Success Story

SimChart Gives Faculty the Opportunity to Teach Clinical Online at Georgia Highlands College

Simulation coordinator Shea Walker, MSN, RN, CCRN, faces a challenge other nursing faculty are tackling in the wake of the Coronavirus pandemic: How do you get meaningful clinical experience to your students when you can’t be near them?

With classes moving online, Walker says she was thankful that her ASN program at Georgia Highlands College had already started to integrate online tools like SimChartNursing Concepts Online (NCO)Elsevier Adaptive Quizzing (EAQ) and HESI.

“I think that it was just one of those blessings in disguise that we chose to go that that route already, because they have access, they can get to what they need,” Walker says. “Hopefully that’s going to eliminate some of the stress because stress levels are high for everybody.”

Adapting the Classroom

Before classes transitioned online, students in her program used low fidelity simulation through SimChart as a learning tool to prepare them for what they might see in a real clinical setting. With the move online, their use of SimChart has increased.
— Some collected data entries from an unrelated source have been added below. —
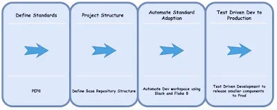 Like any other programming language, we started by defining our source of truth for standards. We went with PEP8 which is the standard that defines Coding Style Guides for Python. We went through the below key stages from Planning to Production.
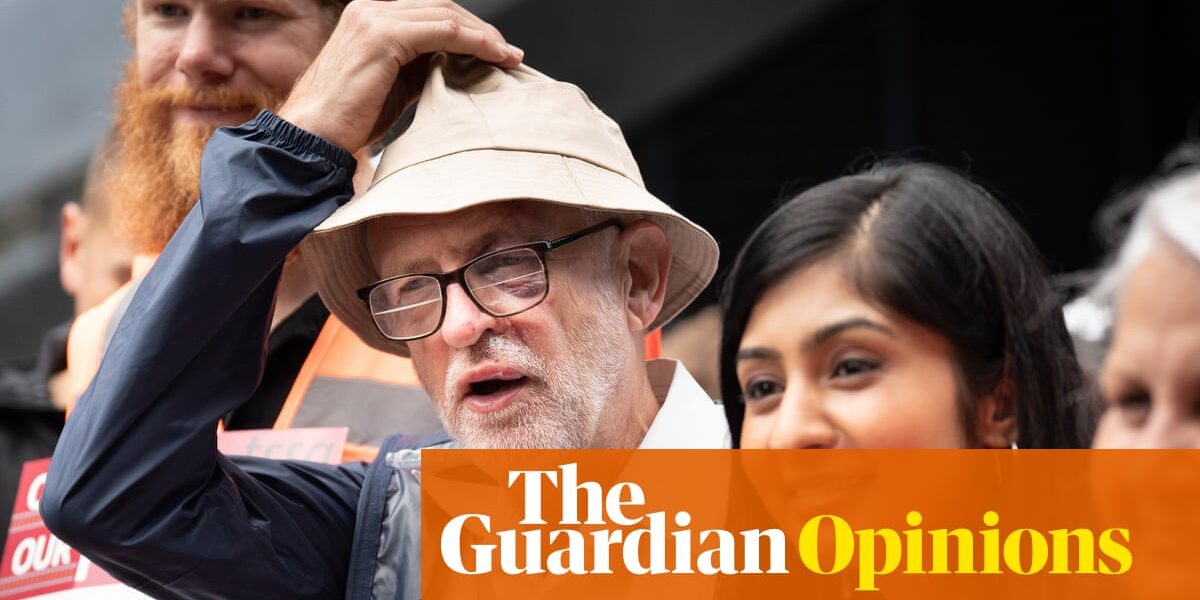 Jeremy Corbyn and Zarah Sultana on a picket line outside London Euston train station, 18 August 2022. Photograph: Stefan Rousseau/PA
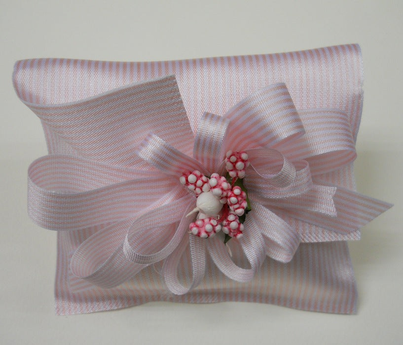 Portaconfetti "Millerighe", sacchetto in tessuto di raso a righe. Il sacchetto misura cm 10,5 x cm 18. La particolarità è che è tutto chiuso e può essere aperto in alto o sul retro (a seconda della confezione che si vuole realizzare) per permettere l'inserimento del tulle con i confetti.
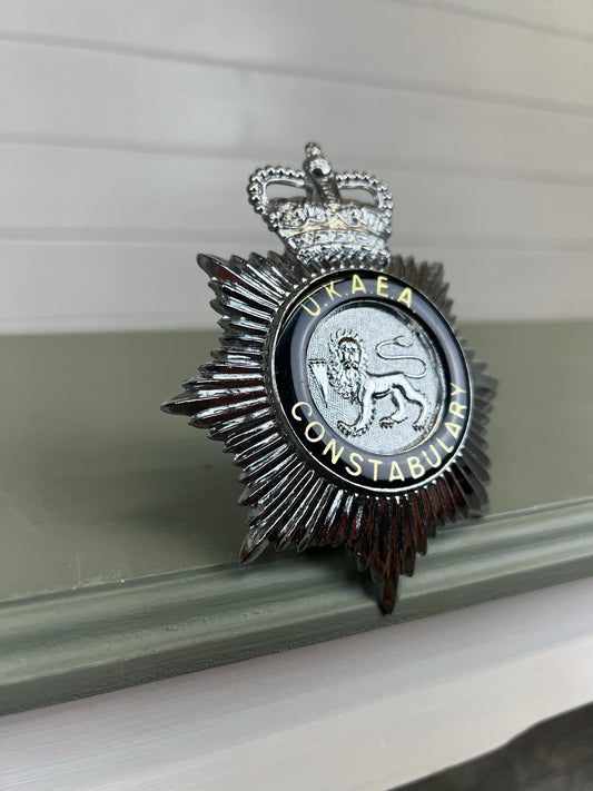 United Kingdom Atomic Energy (U.K.A.E.A.) Constabulary Enamel Queens Crown Bobby Helmet Badge Plate
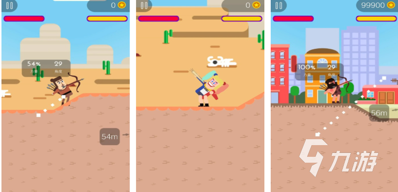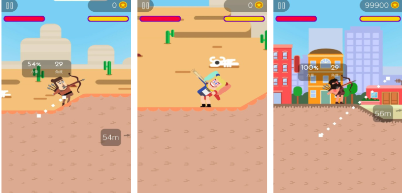 這是款模擬扮演弓箭手的拋物線主題射擊類手游,支持豎屏操作也展現(xiàn)出很滑稽的美術(shù)UI,玩家扮演的滑稽2D弓箭手需要靈活操作射擊目標(biāo),靈活利用拋物線的原理就能讓弓箭手快速參與戰(zhàn)斗,場景設(shè)定多樣包含著沙漠和城市等背景,獨創(chuàng)的拋物線射擊戰(zhàn)斗元素像極了“彈彈堂”,弓箭武器類型繁多給人提供的射擊快感也很強(qiáng)。
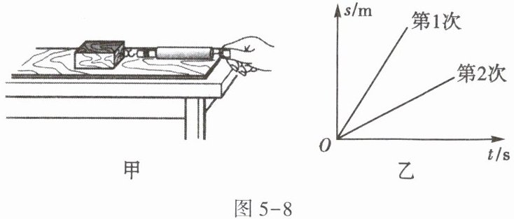 10. 如图 5 - 8 甲所示,小明用弹簧测力计拉着木块,使它沿水平木板匀速滑动,图 5 - 8 乙是他两次拉动同一木块得到的距离随时间变化的图像。当木块两次运动的距离相同时,下列说法正确的是()
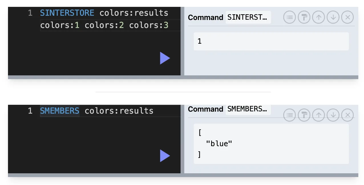 SINTERSTORE resultKey key1 key2 key3 …

“All the students would do at least one scenario a semester just to practice their charting” she says.

According to Walker, by using SimChart in a higher capacity than their typical charting practice, Georgia Highlands helps students meet the requirements of their simulation evaluation in their completely digital experience. Through SimChart, Walker is able to supplement additional hours of clinical credit.

In addition to completing SimChart scenarios, students also work on debrief sessions meant to replicate the post-conference for clinical in a digital setting. Students answer additional questions related to the simulation activity that help faculty assess their students.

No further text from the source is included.